The arduino is a Uno costing around $30.00
The GPRS/GSM modem board is a SIM900 gprs/gsm shield from http://store.linksprite.com/, and cost $39.00.
The SIM card is a gophone card with pay as you go and I have a text plan that costs $10.00 per month for 1000 text messages.
I built the temperature and A/C power interfaces on an Arduino prototyping board. It connects to two 10K NTC temperature sensitive resistors for outside and inside temperature measurements. These connect to Arduino analog inputs 0 and 1. It connects via an opto isolator to a small cube-type 5V USB A/C power supply like those used for iPhone and MP3 charging, which supplies 5 V when A/C power is on and zero when off. This connects to Arduino digital input pin 3. A/C power is indicated by an led connected to pin 5.

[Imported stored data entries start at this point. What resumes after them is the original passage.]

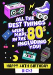 "All the best things were made in the 80s including you! Happy 40th birthday rick!". 'Happy 40th birthday rick!' can be personalised!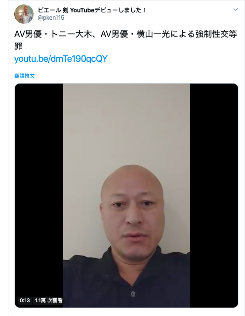就算不懂日文,看到標題「AV男優・トニー大木、AV男優・横山一光による強制性交等罪」也知道出事了:沒錯,ピェール剣(Pierre劍)指控兩位同樣是AV男優的トニー大木(東尼大木)及横山一光強暴他的女友,影片的內容就是兩位男優向被害女性謝罪:
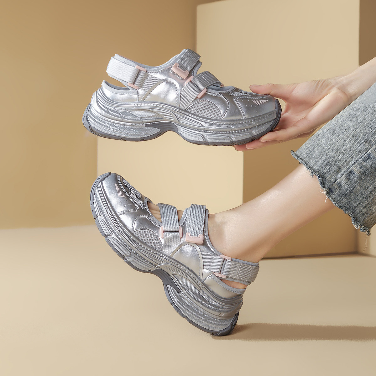 星期六厚底增高运动凉鞋女款新款夏季小香风魔术贴亮片沙滩鞋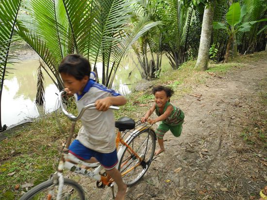 Heute steht mal wieder ein Ortswechsel an. Nach langem Überlegen haben wir uns schließlich für ein Städtchen Namens Tra Vinh entschieden, welches noch tiefer im Mekong-Delta liegt. Der Hausherr von unserem Guesthouse kennt da auch einen Busfahrer, der jetzt sofort los will. Ein Telefonat und schwups, stehen zwei Motorradfahrer vor der Tür. Schnell noch die 200.000 VND für den Bus bezahlt und schon geht es los, durch den chaotischen Verkehr der Großstadt. Ich bin mir mit meiner Größe und dem Gewicht meines Rucksacks durchaus bewusst, dass ich mit der geringsten Gewichtsverlagerung, unseren Kurs gefährlich verändern kann. Also ist stillhalten angesagt, was mir überhaupt nicht leicht fällt, als wir mit Vollgas auf die Linksabbieger, die schon mitten auf der Kreuzung sind zufahren. Was tun? Mit einem kleinen Schwenker nach rechts mich und den Fahrer in Sicherheit bringen oder einfach vertrauen.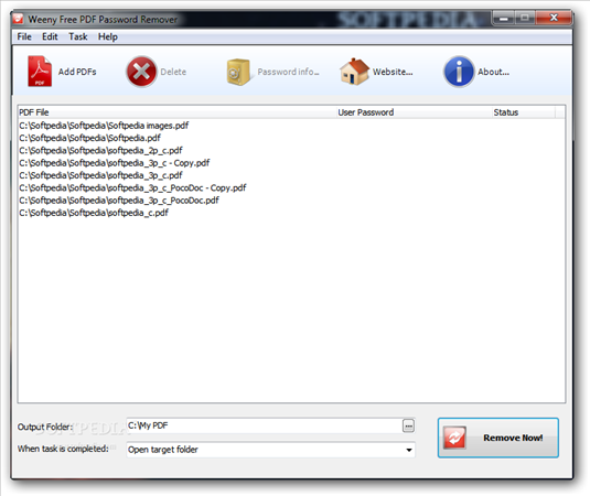Weeny Free PDF Password Remover 1.1 官方英文版 移除PDF文件保护(Weeny Free PDF Password Remover)PDF 文件可以设置保全项目,像是禁止复制文件内容、开启时有密码保护、禁止列印......等等的保护措施,想要解除 PDF 文件所设的限制,可以来使用 Weeny Free PDF Password Remover 这套免费软体来移除这些保全措施。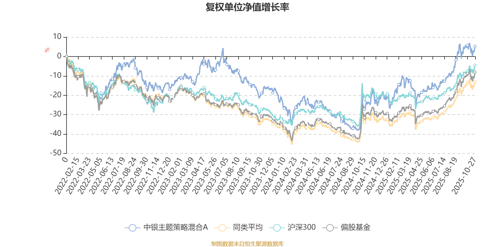 截至10月27日,中银主题策略混合A近三个月复权单位净值增长率为16.90%,位于同类可比基金78/185;近半年复权单位净值增长率为29.15%,位于同类可比基金96/185;近一年复权单位净值增长率为38.58%,位于同类可比基金53/181;近三年复权单位净值增长率为25.54%,位于同类可比基金69/175。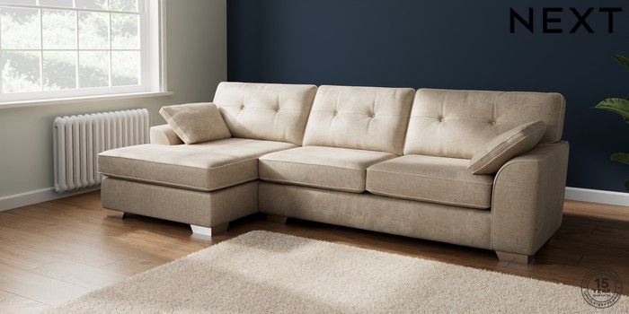 6.12.1 Buy Stamford Buttoned Back Large Sofa Chaise - Left Hand Plush Chenille Light Natural Large Square Angle - Chrome Metal from the Next UK online shop Click here to use our accessible website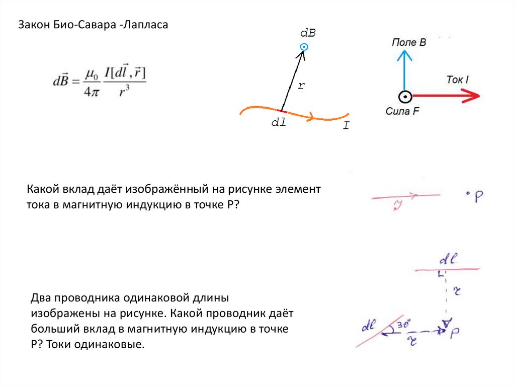 Закон Био-Савара -ЛапласаКакой вклад даёт изображённый на рисунке элемент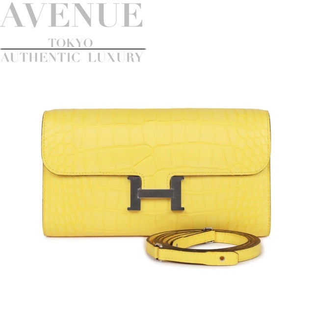 HERMES CONSTANCE LONG WALLET TO GO TOUCH MIMOSA MATTE ALLIGATOR SILVER HARDWARE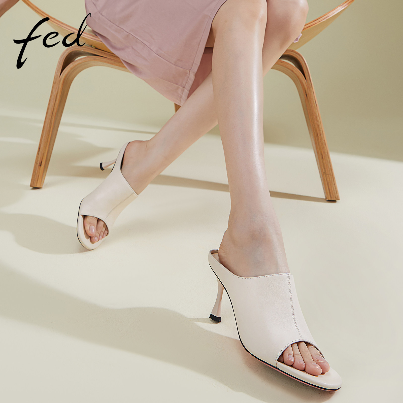 fed外穿羊皮拖鞋夏季新款女鞋高跟凉拖鞋法式凉鞋女D0415-YAC926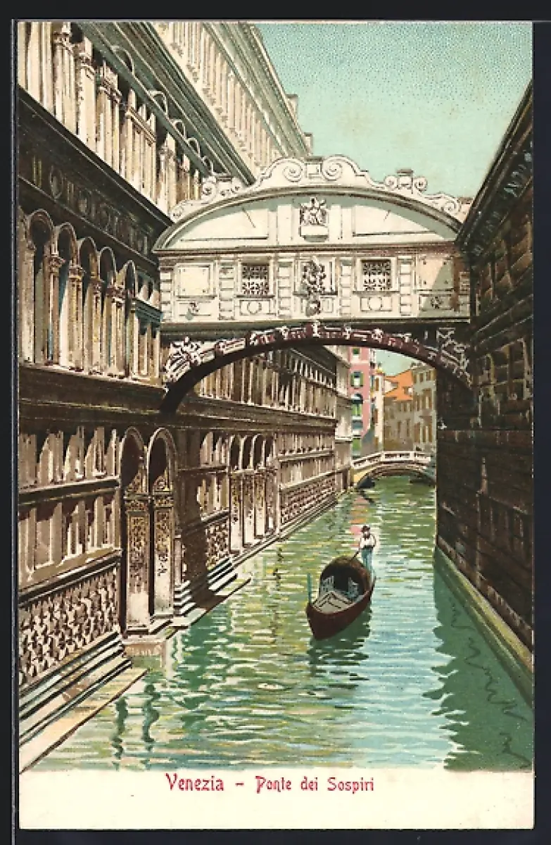 Lithographie Venezia, Ponte dei Sospiri um 1900

The protoboard schematic is:
Power is supplied by a single USB cable that splits to provide power to the SIM900 GSM board, which requires more power than the Arduino board can supply, via a barrel connector and a standard USB B connector to Arduino.
Here are some photos, invarious stages of undress:
And code:
// Name
// tweet_house_status_sec_hp
//
// Description
//
// Sketch to measure two temperatures and report via SMS both periodically and
// when changes greater than some threshold are observed.
//
// Hardware needed:
//
// Arduino (Uno, professional, etc.)
// SIM900 gsm/gprs shield and activated sim card.
//
// Author: John Zouck
// Initial release date: November 24, 2013
//
#include <SIM900gsm.h>
#include <SoftwareSerial.h>
#include <gsm_timer_sec.h>
#include <thermistor.h>
#include <counts_last_period.h>
#include <Time.h>
#include <EEPROM.h>
static int house_power = 3; // House power reported on pin 3
static int power_led = 5; // Power led indicator is pin 5
static SoftwareSerial gprs(7,8);
#define TWEET_PERIOD_MINUTES 240 // 4 hours max per tweet
#define DELTA_TEMP 4.0 // delta temp to cause report: degrees F
#define TEMP_CHECK_TIME_SEC 2 // check temps and power every 2 seconds
#define TMIN_REPORT_TIME_MINUTES 1 // Report no more than once every 1 minutes.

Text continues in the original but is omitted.